TASK ITEM = Give back the full listing, character for character, with no pictures.

RECORD SET =
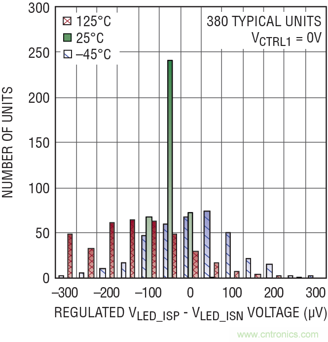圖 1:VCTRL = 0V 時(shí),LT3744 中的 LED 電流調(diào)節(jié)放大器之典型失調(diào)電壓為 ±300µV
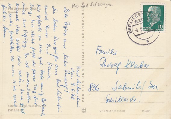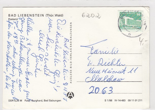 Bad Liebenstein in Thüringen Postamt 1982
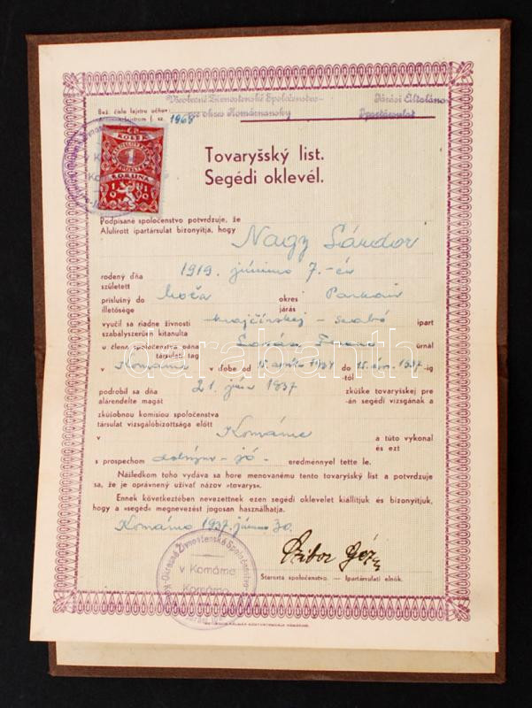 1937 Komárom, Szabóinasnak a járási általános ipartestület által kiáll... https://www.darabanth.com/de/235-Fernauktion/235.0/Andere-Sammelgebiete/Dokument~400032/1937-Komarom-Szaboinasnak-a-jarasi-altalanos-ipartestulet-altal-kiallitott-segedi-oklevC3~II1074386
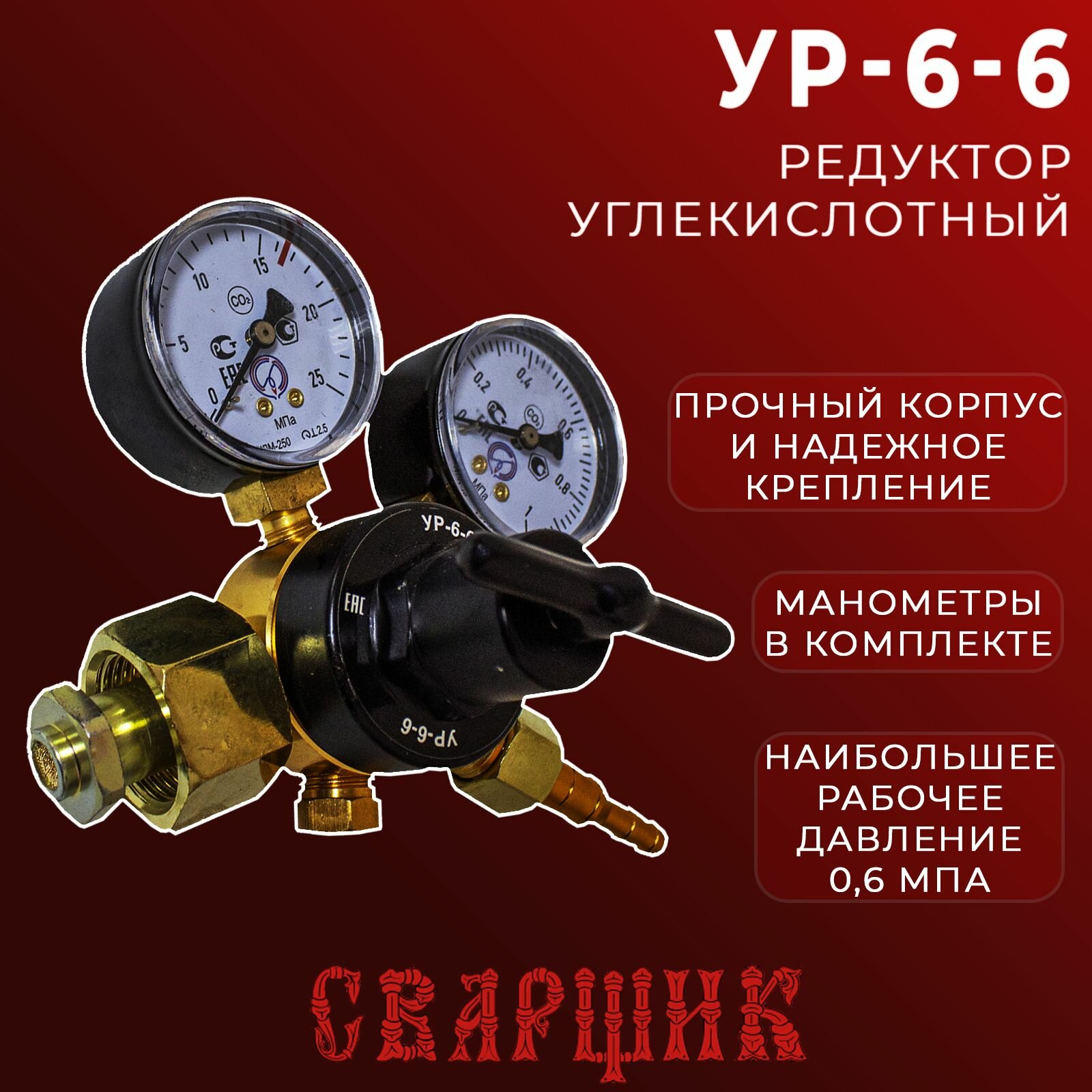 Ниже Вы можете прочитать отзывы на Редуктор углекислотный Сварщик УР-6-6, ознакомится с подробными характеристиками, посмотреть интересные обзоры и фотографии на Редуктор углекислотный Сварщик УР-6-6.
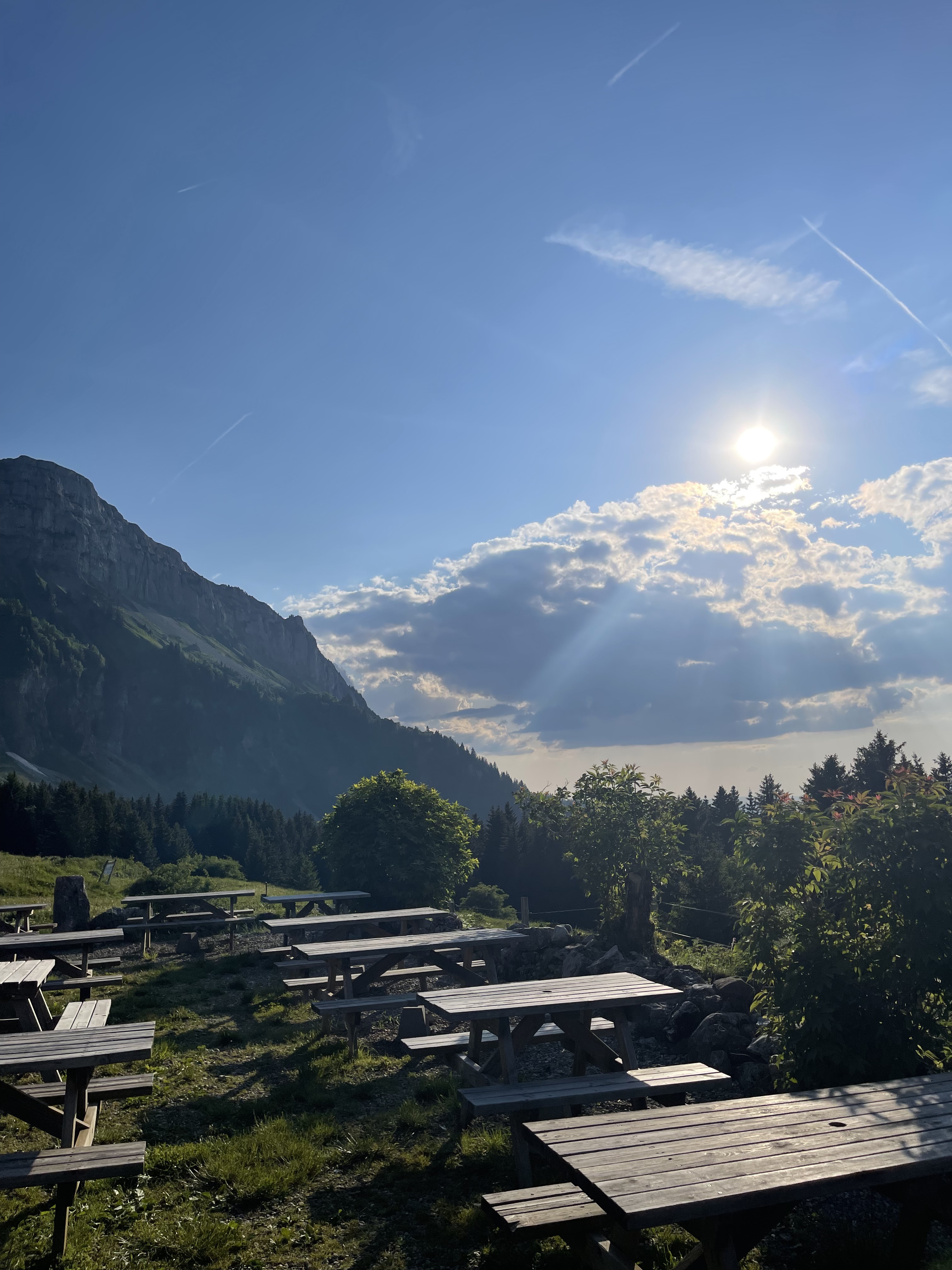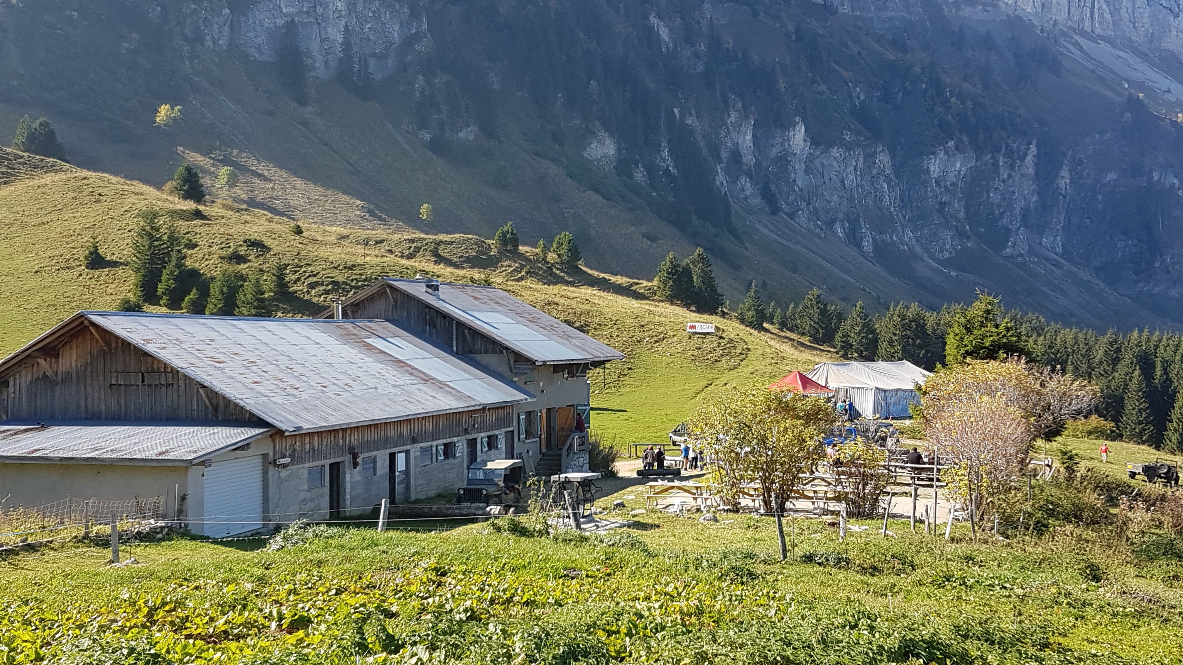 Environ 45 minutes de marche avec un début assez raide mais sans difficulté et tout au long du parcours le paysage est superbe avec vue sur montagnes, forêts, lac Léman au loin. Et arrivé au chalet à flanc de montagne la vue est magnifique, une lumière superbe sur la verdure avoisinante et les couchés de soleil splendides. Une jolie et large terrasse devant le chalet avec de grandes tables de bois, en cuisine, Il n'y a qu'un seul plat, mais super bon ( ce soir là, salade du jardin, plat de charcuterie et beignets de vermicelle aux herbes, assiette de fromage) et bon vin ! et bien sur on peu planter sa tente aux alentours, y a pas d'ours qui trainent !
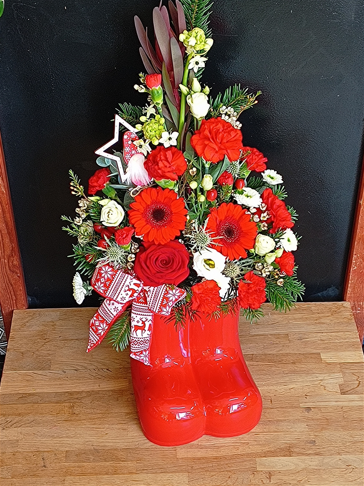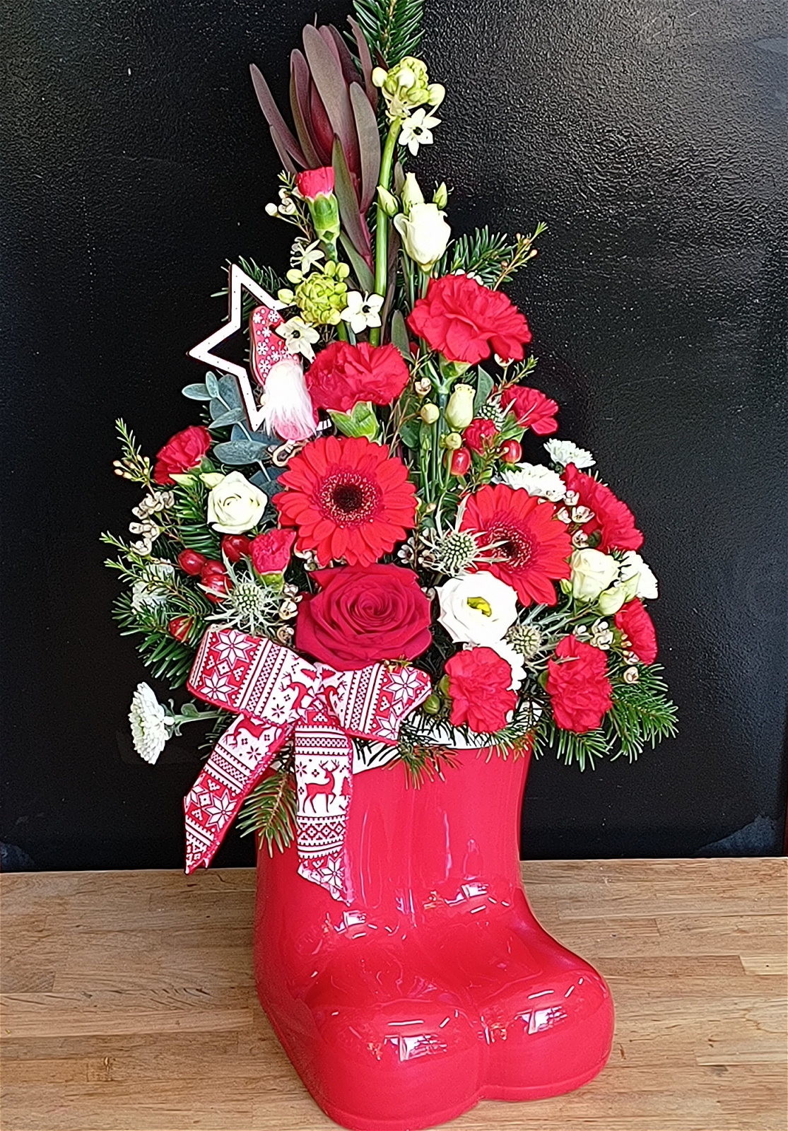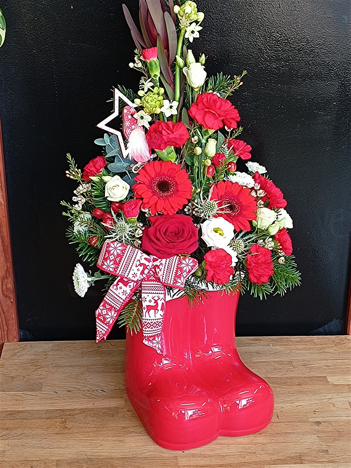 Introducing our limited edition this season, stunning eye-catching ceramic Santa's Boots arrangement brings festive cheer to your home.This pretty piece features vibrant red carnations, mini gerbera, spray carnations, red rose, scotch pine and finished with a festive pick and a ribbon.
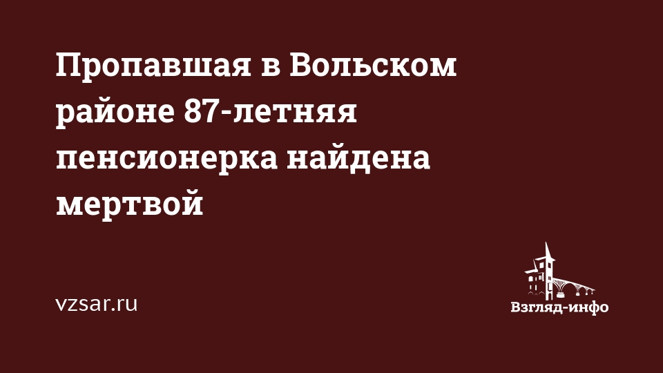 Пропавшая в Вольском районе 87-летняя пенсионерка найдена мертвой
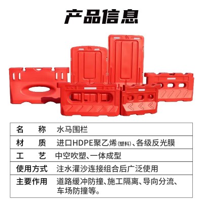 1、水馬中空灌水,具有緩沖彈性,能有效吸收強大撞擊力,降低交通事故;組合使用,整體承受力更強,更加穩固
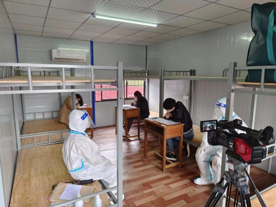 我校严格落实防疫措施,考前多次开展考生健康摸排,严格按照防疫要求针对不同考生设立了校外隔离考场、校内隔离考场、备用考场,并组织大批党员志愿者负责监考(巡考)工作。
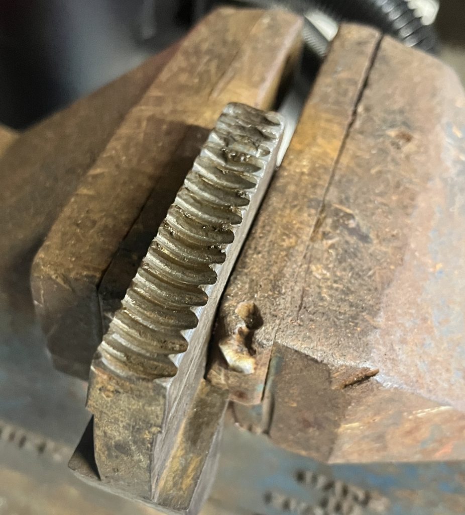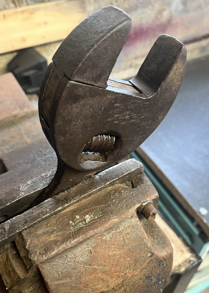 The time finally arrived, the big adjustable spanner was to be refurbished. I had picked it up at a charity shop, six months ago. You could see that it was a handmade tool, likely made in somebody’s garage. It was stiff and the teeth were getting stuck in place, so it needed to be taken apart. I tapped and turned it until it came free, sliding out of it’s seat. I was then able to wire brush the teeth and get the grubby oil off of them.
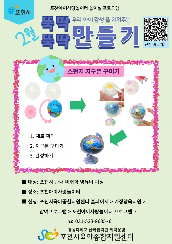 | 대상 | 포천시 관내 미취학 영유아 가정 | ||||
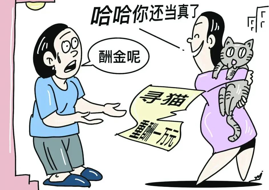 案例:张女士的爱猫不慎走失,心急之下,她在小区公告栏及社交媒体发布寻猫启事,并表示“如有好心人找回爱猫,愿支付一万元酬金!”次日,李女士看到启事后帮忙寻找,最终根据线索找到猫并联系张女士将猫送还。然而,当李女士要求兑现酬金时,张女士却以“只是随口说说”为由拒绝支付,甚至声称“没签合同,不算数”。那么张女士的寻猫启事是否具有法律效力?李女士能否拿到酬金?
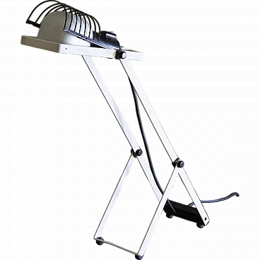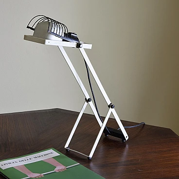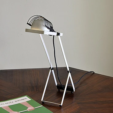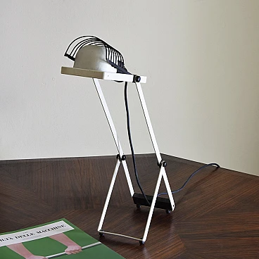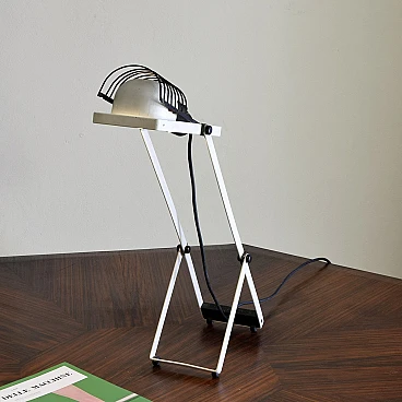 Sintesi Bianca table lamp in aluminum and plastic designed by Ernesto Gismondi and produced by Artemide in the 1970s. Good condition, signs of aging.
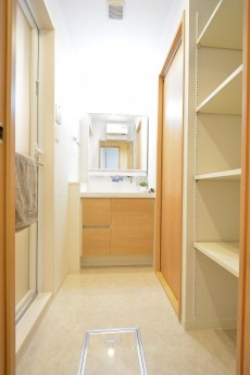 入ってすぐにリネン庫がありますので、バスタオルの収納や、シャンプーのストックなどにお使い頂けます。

WRITTEN RESPONSE =
圖 1:VCTRL = 0V 時(shí),LT3744 中的 LED 電流調(diào)節(jié)放大器之典型失調(diào)電壓為 ±300µV
 Bad Liebenstein in Thüringen Postamt 1982
 1937 Komárom, Szabóinasnak a járási általános ipartestület által kiáll... https://www.darabanth.com/de/235-Fernauktion/235.0/Andere-Sammelgebiete/Dokument~400032/1937-Komarom-Szaboinasnak-a-jarasi-altalanos-ipartestulet-altal-kiallitott-segedi-oklevC3~II1074386
 Ниже Вы можете прочитать отзывы на Редуктор углекислотный Сварщик УР-6-6, ознакомится с подробными характеристиками, посмотреть интересные обзоры и фотографии на Редуктор углекислотный Сварщик УР-6-6.
 Environ 45 minutes de marche avec un début assez raide mais sans difficulté et tout au long du parcours le paysage est superbe avec vue sur montagnes, forêts, lac Léman au loin. Et arrivé au chalet à flanc de montagne la vue est magnifique, une lumière superbe sur la verdure avoisinante et les couchés de soleil splendides. Une jolie et large terrasse devant le chalet avec de grandes tables de bois, en cuisine, Il n'y a qu'un seul plat, mais super bon ( ce soir là, salade du jardin, plat de charcuterie et beignets de vermicelle aux herbes, assiette de fromage) et bon vin ! et bien sur on peu planter sa tente aux alentours, y a pas d'ours qui trainent !
 Introducing our limited edition this season, stunning eye-catching ceramic Santa's Boots arrangement brings festive cheer to your home.This pretty piece features vibrant red carnations, mini gerbera, spray carnations, red rose, scotch pine and finished with a festive pick and a ribbon.
 Пропавшая в Вольском районе 87-летняя пенсионерка найдена мертвой
 1、水馬中空灌水,具有緩沖彈性,能有效吸收強大撞擊力,降低交通事故;組合使用,整體承受力更強,更加穩固
 我校严格落实防疫措施,考前多次开展考生健康摸排,严格按照防疫要求针对不同考生设立了校外隔离考场、校内隔离考场、备用考场,并组织大批党员志愿者负责监考(巡考)工作。
 The time finally arrived, the big adjustable spanner was to be refurbished. I had picked it up at a charity shop, six months ago. You could see that it was a handmade tool, likely made in somebody’s garage. It was stiff and the teeth were getting stuck in place, so it needed to be taken apart. I tapped and turned it until it came free, sliding out of it’s seat. I was then able to wire brush the teeth and get the grubby oil off of them.
 | 대상 | 포천시 관내 미취학 영유아 가정 | ||||
 案例:张女士的爱猫不慎走失,心急之下,她在小区公告栏及社交媒体发布寻猫启事,并表示“如有好心人找回爱猫,愿支付一万元酬金!”次日,李女士看到启事后帮忙寻找,最终根据线索找到猫并联系张女士将猫送还。然而,当李女士要求兑现酬金时,张女士却以“只是随口说说”为由拒绝支付,甚至声称“没签合同,不算数”。那么张女士的寻猫启事是否具有法律效力?李女士能否拿到酬金?
 Sintesi Bianca table lamp in aluminum and plastic designed by Ernesto Gismondi and produced by Artemide in the 1970s. Good condition, signs of aging.
 入ってすぐにリネン庫がありますので、バスタオルの収納や、シャンプーのストックなどにお使い頂けます。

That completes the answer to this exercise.